Content starts
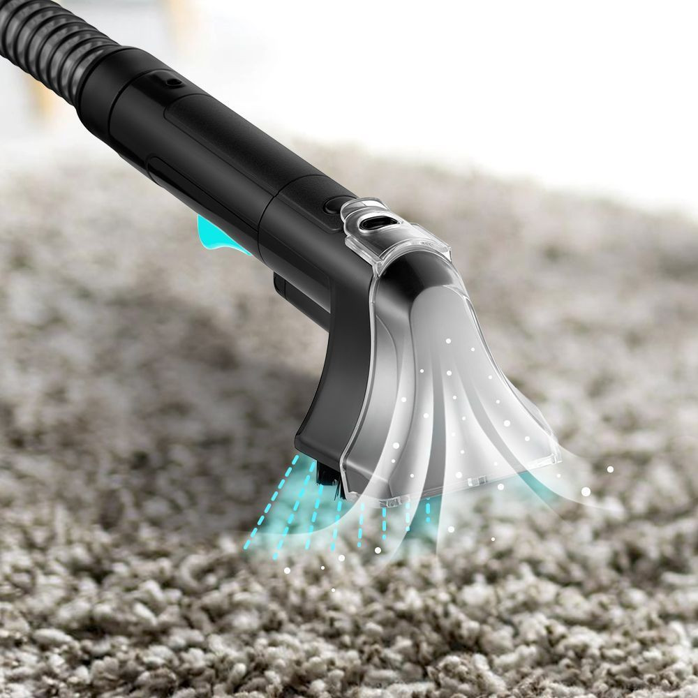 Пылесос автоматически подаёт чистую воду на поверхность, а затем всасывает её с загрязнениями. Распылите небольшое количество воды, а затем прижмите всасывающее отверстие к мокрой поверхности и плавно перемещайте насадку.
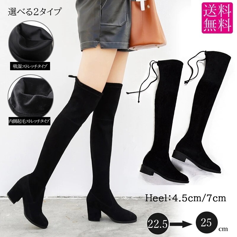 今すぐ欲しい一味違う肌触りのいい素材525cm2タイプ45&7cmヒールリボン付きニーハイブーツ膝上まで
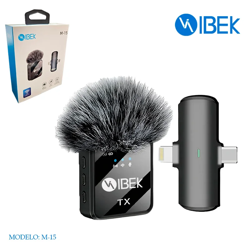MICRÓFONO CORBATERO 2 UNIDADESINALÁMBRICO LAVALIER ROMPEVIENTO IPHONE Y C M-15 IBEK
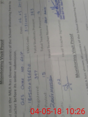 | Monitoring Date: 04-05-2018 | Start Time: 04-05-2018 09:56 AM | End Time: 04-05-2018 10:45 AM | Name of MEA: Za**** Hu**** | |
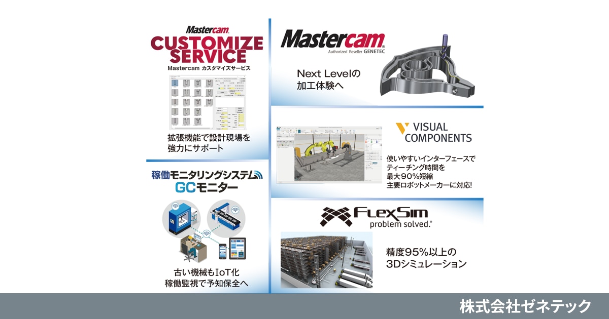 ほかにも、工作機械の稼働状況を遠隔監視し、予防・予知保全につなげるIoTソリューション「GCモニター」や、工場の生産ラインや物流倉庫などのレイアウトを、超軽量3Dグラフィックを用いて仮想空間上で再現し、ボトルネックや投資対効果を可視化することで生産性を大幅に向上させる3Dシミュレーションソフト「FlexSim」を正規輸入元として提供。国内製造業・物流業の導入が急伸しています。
Content ends
Task
The required answer is an exact, picture-free copy of the lines from the opening of the listing above through the line with "MICRÓFONO CORBATERO 2".

Response to the exercise
 Пылесос автоматически подаёт чистую воду на поверхность, а затем всасывает её с загрязнениями. Распылите небольшое количество воды, а затем прижмите всасывающее отверстие к мокрой поверхности и плавно перемещайте насадку.
 今すぐ欲しい一味違う肌触りのいい素材525cm2タイプ45&7cmヒールリボン付きニーハイブーツ膝上まで
MICRÓFONO CORBATERO 2 UNIDADESINALÁMBRICO LAVALIER ROMPEVIENTO IPHONE Y C M-15 IBEK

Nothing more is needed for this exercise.